Le recyclage du plastique est un grand écran de fumée
Autrefois symbole de progrès, le plastique est devenu l’incarnation de notre société du jetable. Avec près de 400 millions de tonnes produites chaque année, il est aujourd'hui dans tous nos objets, mais aussi partout dans l'environnement, et notre corps. Et notre bonne idée, c'est de le recycler.
L'enfer est pavé de bonnes intentions, comme qui dirait, mais recycler un cycle qui n'est pas bon, ce n'est pas une bonne idée... Nous savons depuis un moment déjà que le plastique est polluant, qu'il n'est pas biodégradable, et qu'il s'immisce dans la biodiversité - nous compris - sous forme de microplastique.
Pour limiter sa production, nous avons décidé de le recycler. Résultat, comme l'explique Nathalie Gontard, chercheuse à l’Inrae : moins de 2 % des plastiques sont recyclés en circuit fermé pour retrouver leurs propriétés d’origine. La majorité finit en "décyclage", transformée en objets moins qualitatifs comme des pulls ou des pots de fleurs.
Flore Berlingen, autrice de Recyclage, le grand enfumage - Comment l'économie circulaire est devenue l'alibi du jetable, déplore que derrière cette "illusion verte" se cache une dynamique qui favorise toujours plus de consommation. "Les industriels surfent sur l’argument marketing pour maintenir des productions jetables", dénonce-t-elle. Résultat : le consommateur est bercé par l’idée que consommer du plastique recyclé est une solution, quand en réalité il continue d’alimenter un cycle polluant. Et ce dernier est évidemment défendu corps et âme par les lobbies industriels, qui freinent les réglementations plus ambitieuses. C'est ce qu'on a vu lors du dernier sommet antipollution qui s'est tenu fin novembre en Corée du Sud.

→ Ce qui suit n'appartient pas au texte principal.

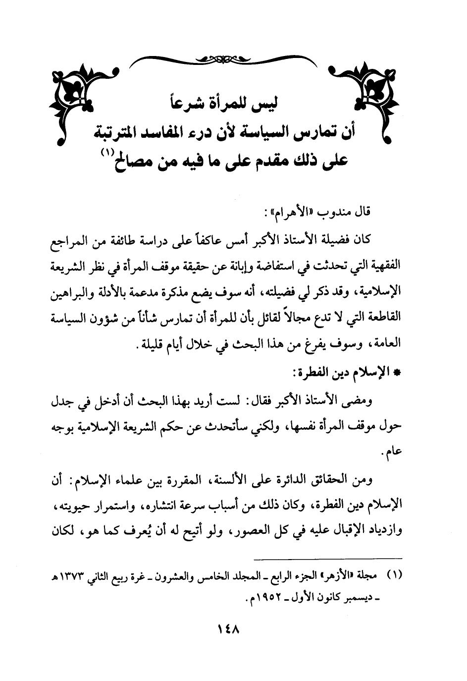 كان فضيلة الأستاذ الأكبر أمس عاكفاً على دراسة طائفة من المراجع الفقهية التي تحدثت في استفاضة وإبانة عن حقيقة موقف المرأة في نظر الشريعة الإسلامية، وقد ذكر لي فضيلته، أنه سوف يضع مذكرة مدعمة بالأدلة والبراهين القاطعة التي لا تدع مجالاً لقائل بأن للمرأة أن تمارس شأناً من شؤون السياسة العامة، وسوف يفرغ من هذا البحث في خلال أيام قليلة.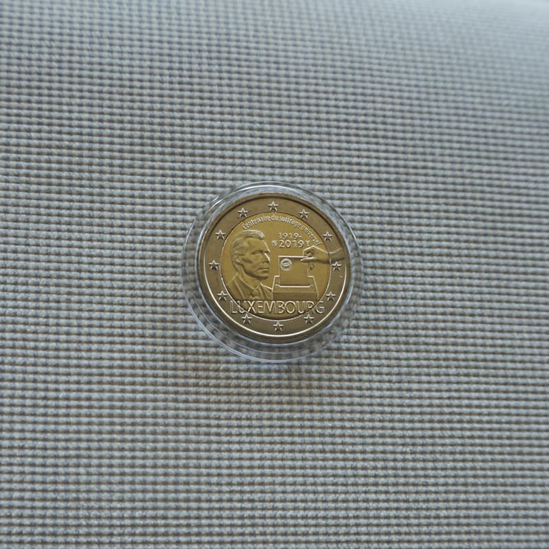 The design shows on the left hand the effigy of His Royal Highness, the Grand Duke Henri, and a ballot box where a ballot paper is being inserted by a hand to the right and the country name below. At the top, the inscription ‘Centenaire du suffrage universel’ (Centenary of the universal franchise) in a semicircle and the dates ‘1919 – 2019’ below and the second date being the year of issuing. The coin’s outer ring depicts the 12 stars of the European flag.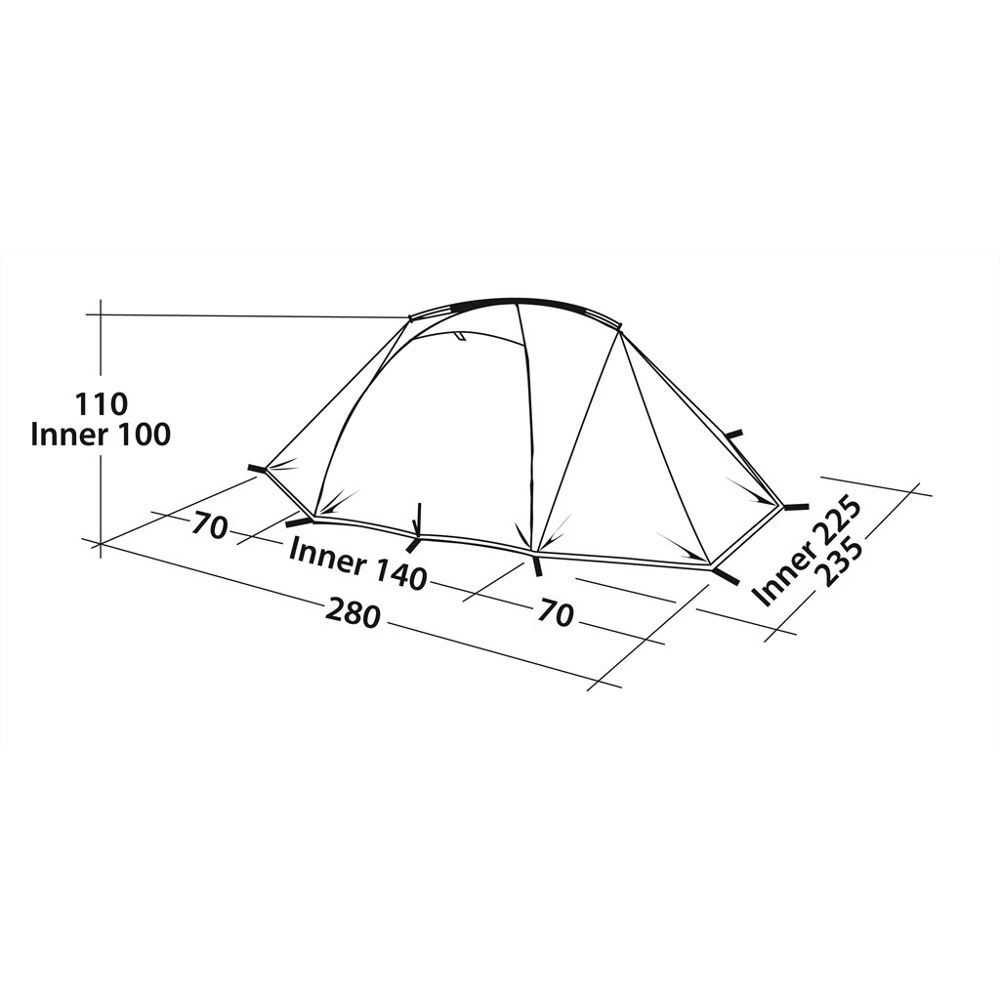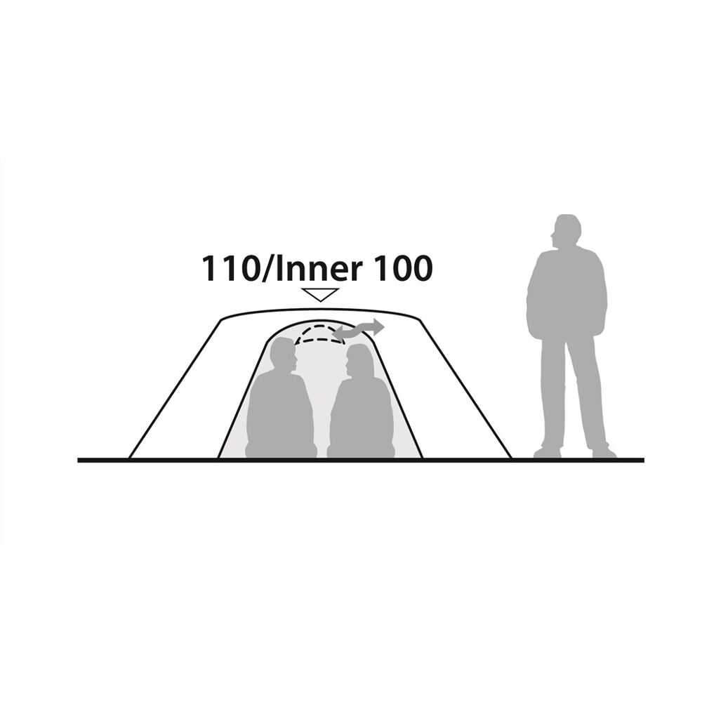 2-Personen freistehendes Kuppelzelt mit Sitzhöhe und doppelten Eingängen/Apsiden. Das Zelt kombiniert Aluminiumstangen mit einem robusten Ripstop-Gewebe mit Verstärkungen an exponierten Stellen, was es sehr widerstandsfähig gegen Wetter und Wind macht. Die großen Öffnungen machen das Zelt leicht zugänglich und einfach zu belüften an warmen Tagen.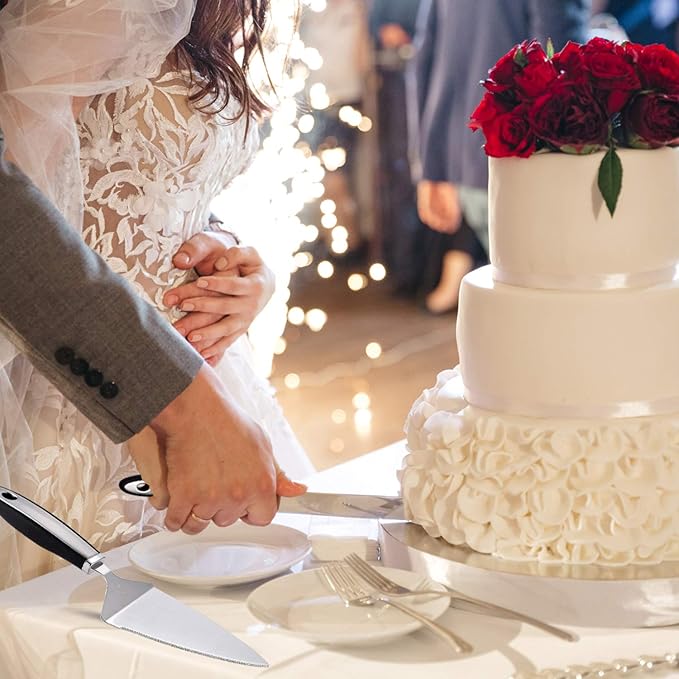 - [ VERSATILE USE ] - It not only works as wedding cake knife and server set but also can be used for various indoor-outdoor parties like wedding, birthday and baby shower for cutting and serving cakes, pastries, pizzas, pies, etc. It can also be used in the daily home and kitchen use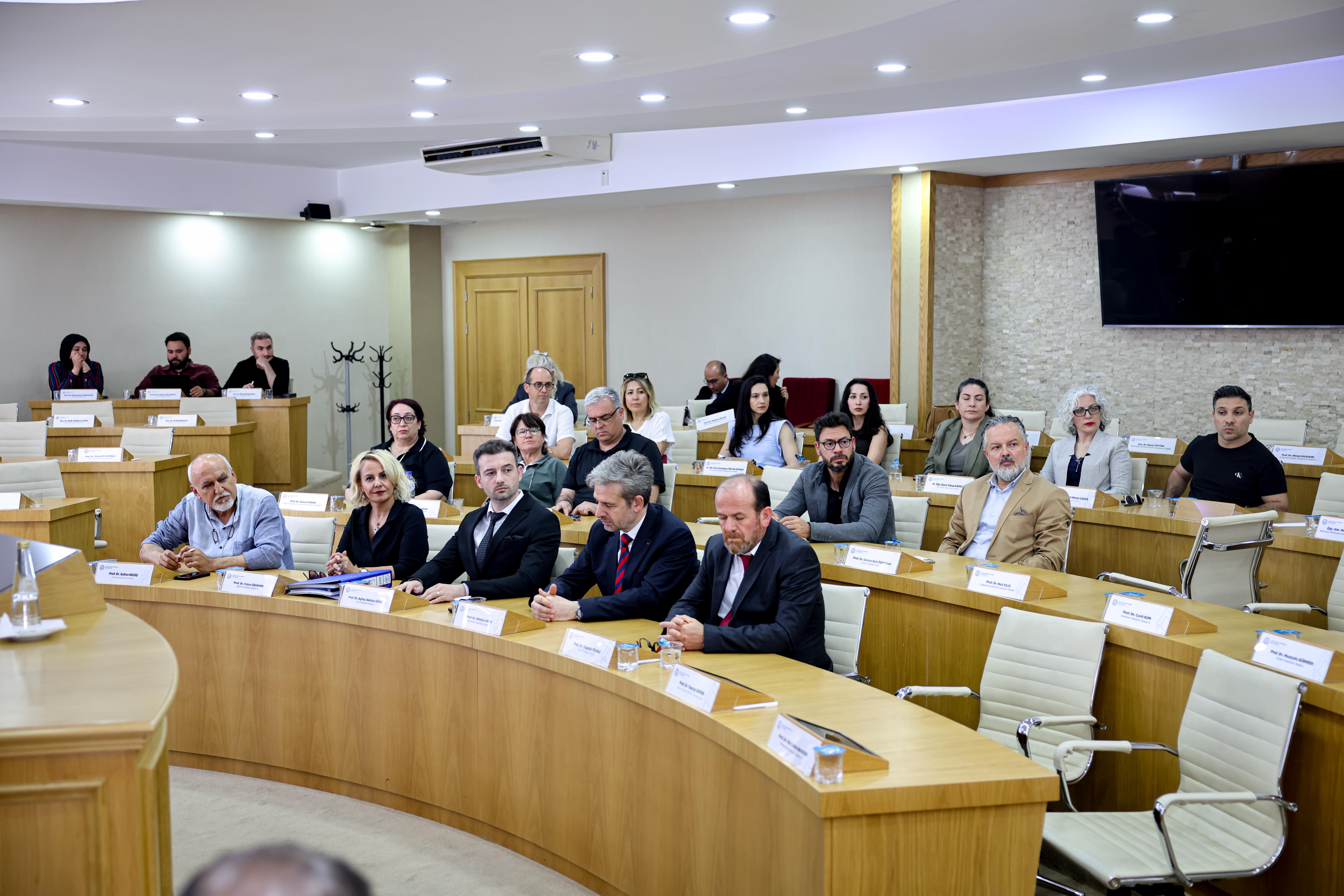 Toplantıya Üniversitemiz Rektörü Prof. Dr. Bülent Kent, Rektör Yardımcıları Prof. Dr. Cemal İyem ve Prof. Dr. Erkan Salan, Spor Bilimleri Fakültesi Dekan V. Prof. Dr. Erkan Çetinkaya’nın yanı sıra dekan yardımcıları, bölüm başkanları ile akademik ve idari personel katıldı.

En Europe aussi, plutôt que de prendre des grandes décisions, on choisit d'attacher le bouchon à la bouteille, encore une fois pour rassurer les consommateurs en assurant qu'ils peuvent consommer sans s'inquiéter de polluer. Comme le rapporte le sénateur Alain Houpert sur X, entre 3 et 9 milliards d'euros ont été dépensés en R&D par l'Union européenne pour arriver à cette brillante idée, révélatrice d'une technocratie déconnectée des enjeux réels.
Fabienne Lagarde, chercheuse à l’Institut des molécules et matériaux du Mans, explique que "les grandes problématiques environnementales, telles que le changement climatique, la perte de biodiversité ou la pollution par les plastiques, ne peuvent être abordées que de manière globale". Selon elle, "l'Homme de 2024 contient du plastique", et elle prédit que ce sera encore pire à l'avenir si aucune décision globale n'est prise rapidement.